Siamo felici di apprendere che in funzione salvezza per la nostra squadra non è fondamentale avere qualche giocatore di qualità in più, non è fondamentale avere qualcuno che riesca in qualche modo centrare la porta, non è necessario avere nelle gambe una corsa superiore agli attuali otto minuti su novanta… ma potrebbe essere sufficiente NON GIOCARE A TERAMO perchè ”al Bonolis la palla scotta e il clima non è ideale per giocare a calcio”!
Problema risolto…per Vivarini i giocatori non sono tranquilli e soffrono i mugugni della Tribuna in particolare. Da tifosi ne prendiamo atto e ci aspettiamo già da domenica lontano dalle mura amiche, in tutta serenità, il solito Teramo formato trasferta…una macchina invincibile.
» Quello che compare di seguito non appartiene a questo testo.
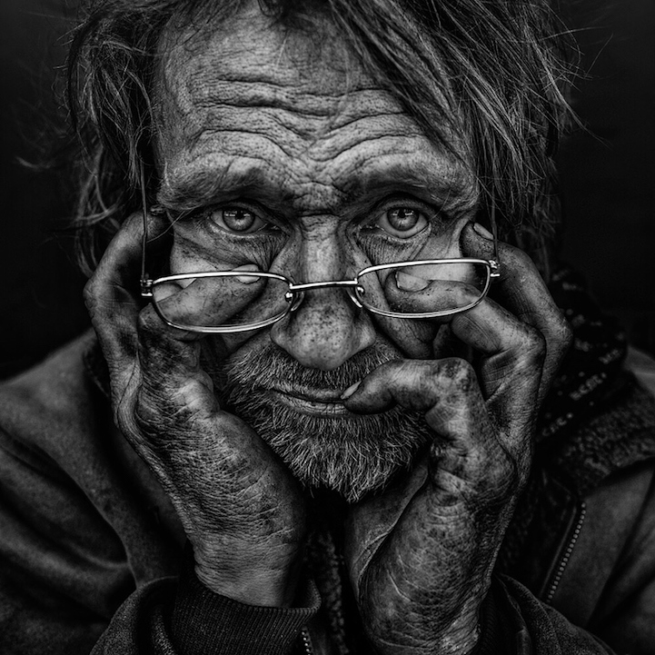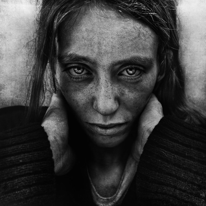 From sorrow and despair to warmth and dignity, Manchester, England-based photographer Lee Jeffries documents the expressive faces of homeless people in powerfully humanizing portraits. Using only his camera, natural light, and a small handheld reflector, he illuminates incredible details that reveal some of the wear of life on the streets. Without exploitation or pretense, the photographer spends time with each subject to create a personal connection before capturing a portrait.

Per quello che ci riguarda confermiamo che nonostante le solite evidenti difficoltà di una squadra largamente rimaneggiata, che non si può assolutamente permettere di fare a meno neanche di uno dei suoi titolari, lo stadio ha incitato i ragazzi dall’inizio alla fine (compresa la Tribuna)… nessuna contestazione, nessun fischio, solo la naturale e legittima ovazione al momento della sostituzione del letale Perrotta, mossa strategica di un illuminato Vivarini che ci ha permesso di tornare in perfetta parità numerica. Ma come al solito la decisione è arrivata in clamoroso ritardo, i tubetti erano già belli che finiti e non abbiamo avuto più la forza di concederci l’ultimo disperato assalto.
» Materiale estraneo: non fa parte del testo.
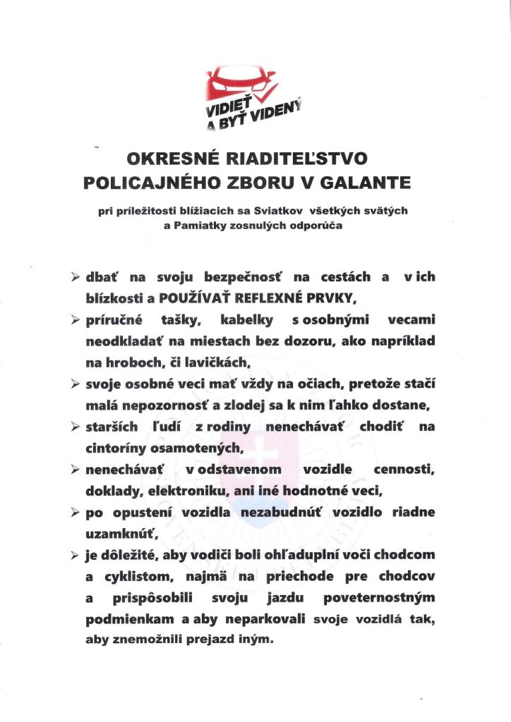 Z dôvodu blížiacich sa sviatkov Všetkých svätých a Pamiatky zosnulých, sa cintoríny stávajú miestami s frekventovanejším pohybom osôb a vozidiel. Veríme, že vzájomným rešpektovaním a dodržaním preventívnych rád môže každý prispieť k zvýšeniu vlastnej bezpečnosti a dôstojnému priebehu uctenia si pamiatky našich blízkych.

Gli applausi finali della Curva (al solito su buonissimi livelli) attestano la vicinanza incondizionata della città e della sua gente a chi più di tanto non è in grado di dare.
Ma la questione si fa complessa. Una squadra che non riesce a dare nemmeno una giornata di riposo al suo miglior giocatore e si trova costretta a schierarlo in condizioni fisiche approssimative dovrebbe riflettere soprattutto chi della costruzione di questa squadra ne è il diretto responsabile.
Come dovrebbe far riflettere l’ennesimo infortunio (Petrella) che grava su una rosa ridotta oramai ai minimi termini. Sarebbe il caso di iniziare a cercare le cause… preparazione atletica??? Terreno di gioco in plastica??? Rituali Voodoo??? O cosa ???
Nessun dramma, nessuna voglia di scatenare inutili e dannose polemiche ma evitiamo di prenderci per il culo, da quello che si è visto oggi per la salvezza ci sarà da sputare sangue, lacrime e sudore e potrebbe anche non bastare… ma crediamo fermamente che il vero Teramo non è quello visto oggi, il vero Teramo sarà quello che riuscirà a schierare in campo gli undici titolari SANI, SALVI e in perfetta forma… non è facile far coincidere le tre cose ma è l’unica speranza che abbiamo per venire fuori da questo brutto periodo dove anche quel minimo sindacale di “culo” necessario per andare avanti sembra averci definitivamente abbandonato. Non vinciamo un rimpallo dal lontano 1986!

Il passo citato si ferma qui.